# Goyard Beach Bag Belharra



## roxytangerine

Has anyone seen or bought the new beach bags?  I adore this turquiose color and wish they would offer it in the regular bags, too. I wonder if the canvas would get dirty too quickly.


----------



## viciel

That same turquoise is available in other classic totes you may just have to call around.  Some stores may still have leftovers from 2018. I saw one as recent as earlier this year while traveling. But it looked like a customized tote with embroidered patch on the bag. It was either an Anjou or an Artois...can't remember for sure.


----------



## roxytangerine

Ack, that would be amazing. I will be in Europe in September so I hope I can find something turquoise there. I still regret not buying the pink bag I saw in Paris 2 years ago!


----------



## goodatlife

It's the Anjou tote that comes in this color. However there's a big flamingo on the tote which imo detracts from the bag.


----------



## Red J

I like that the Belharra is reversible so there's the option wear it solid turquoise side out.


----------



## roxytangerine

A big flamingo! Hmmmm. Anyone have a photo?


----------



## LoveThatThing

It is a very nice bag, it is reversible, saw it late 2019 in Biarritz, also last month at the Monaco store. It is quite large if I remembered correctly


----------



## daisyjo

I have that exact Belharra.   I love it.  I got it summer of 2019.  I just recently used it as my carry-on tote for a trip to Europe.  It is very filling and comfortable on the shoulder.   The only problem is that the canvas seems to get smudged easily.  Next time I may reverse it and have the blue on the outside for travel.  Hint - I have found that Bioderma Miccelar makeup remover does a good job of removing the dirt.


----------



## goodatlife

daisyjo said:


> I have that exact Belharra.   I love it.  I got it summer of 2019.  I just recently used it as my carry-on tote for a trip to Europe.  It is very filling and comfortable on the shoulder.   The only problem is that the canvas seems to get smudged easily.  Next time I may reverse it and have the blue on the outside for travel.  Hint - I have found that Bioderma Miccelar makeup remover does a good job of removing the dirt.

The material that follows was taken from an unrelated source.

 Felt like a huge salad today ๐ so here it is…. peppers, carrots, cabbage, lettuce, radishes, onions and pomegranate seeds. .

Oooh could you upload a few pictures?!


----------



## daisyjo

goodatlife said:


> Oooh could you upload a few pictures?!



Here are two.


----------



## roxytangerine

So cute! Thanks for sharing! I wonder if you could use Scotchguard on the canvas??


----------



## daisyjo

roxytangerine said:


> So cute! Thanks for sharing! I wonder if you could use Scotchguard on the canvas??



Possibly, although I would worry about it seeping through and affecting the Goyard fabric on the interior.


----------



## Lexgal

I have it in white and love it.  Bought it several years ago and have used it as my beach/pool bag for several years now.


----------



## goodatlife

I bought one and returned it. Loveee the turquoise color and the versatility. I just couldn't get behind the bucket bottom and the size was a tad too bit for my 5'2" frame. I wish they would come out with the St Louis in this color.


----------



## roxytangerine

I just purchased this dreamy bag in Monaco. I couldn't resist the turquoise color! And then I promptly used it at the beach club the next day. Love it!


----------



## a_b_c

roxytangerine said:


> A big flamingo! Hmmmm. Anyone have a photo?

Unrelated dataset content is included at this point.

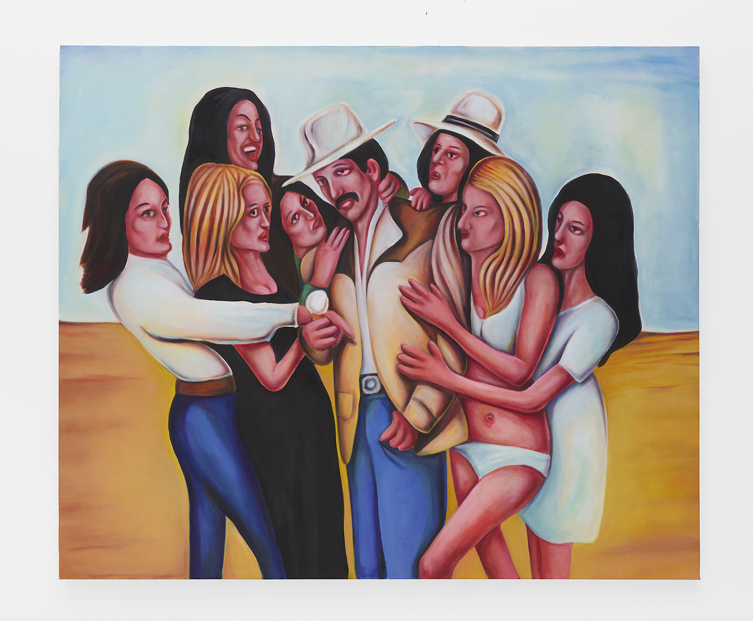 Vassilis H., Seven Women and a Cowboy, Oil on canvas, 79 x 95 inches, 200 x 240 cm.

I found these photos online. They a had one of these bags left in SF two weekends ago (Displayed in the window).  I do not care for the flamingo but I actually considered it since I absolutely love this color. Anyway I tried it on and once the SA brought it in from the window to show to me, I realized it was an Anjou and not a St. Louis, which meant a significant price difference. I can’t recall the exact amount but it was in the $4500 range. There was also another one in yellow with a cactus (?) instead of a flamingo.


----------



## roxytangerine

Wow, that's something.


----------



## redkitty

daisyjo said:


> I have that exact Belharra.   I love it.  I got it summer of 2019.  I just recently used it as my carry-on tote for a trip to Europe.  It is very filling and comfortable on the shoulder.   The only problem is that the canvas seems to get smudged easily.  Next time I may reverse it and have the blue on the outside for travel.  Hint - I have found that Bioderma Miccelar makeup remover does a good job of removing the dirt.

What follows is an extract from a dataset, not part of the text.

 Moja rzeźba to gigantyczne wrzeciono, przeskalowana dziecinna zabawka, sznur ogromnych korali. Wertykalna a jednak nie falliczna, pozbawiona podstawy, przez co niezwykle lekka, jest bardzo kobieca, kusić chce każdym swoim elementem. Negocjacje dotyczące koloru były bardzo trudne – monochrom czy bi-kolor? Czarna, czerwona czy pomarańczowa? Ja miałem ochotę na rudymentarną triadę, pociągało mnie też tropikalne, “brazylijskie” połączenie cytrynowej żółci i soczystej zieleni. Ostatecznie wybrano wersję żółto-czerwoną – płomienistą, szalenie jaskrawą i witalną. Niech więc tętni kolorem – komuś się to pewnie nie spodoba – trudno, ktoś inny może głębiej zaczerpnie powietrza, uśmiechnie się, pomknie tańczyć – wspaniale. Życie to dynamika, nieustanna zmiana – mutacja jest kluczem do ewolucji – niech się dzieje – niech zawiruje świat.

Just bought the same bag twinsies 
I have been using it reversed with the canvas out as I knew I would smudge the cream linen exterior. I asked if turquoise comes in other models in the London boutique and they said no. But it a nice beach bag.


----------



## Purselover724

redkitty said:


> Just bought the same bag twinsies
> I have been using it reversed with the canvas out as I knew I would smudge the cream linen exterior. I asked if turquoise comes in other models in the London boutique and they said no. But it a nice beach bag.


Can I ask how much it was?


----------



## redkitty

Purselover724 said:


> Can I ask how much it was?


£1380.


----------



## Purselover724

redkitty said:


> £1380.


Thanks!


----------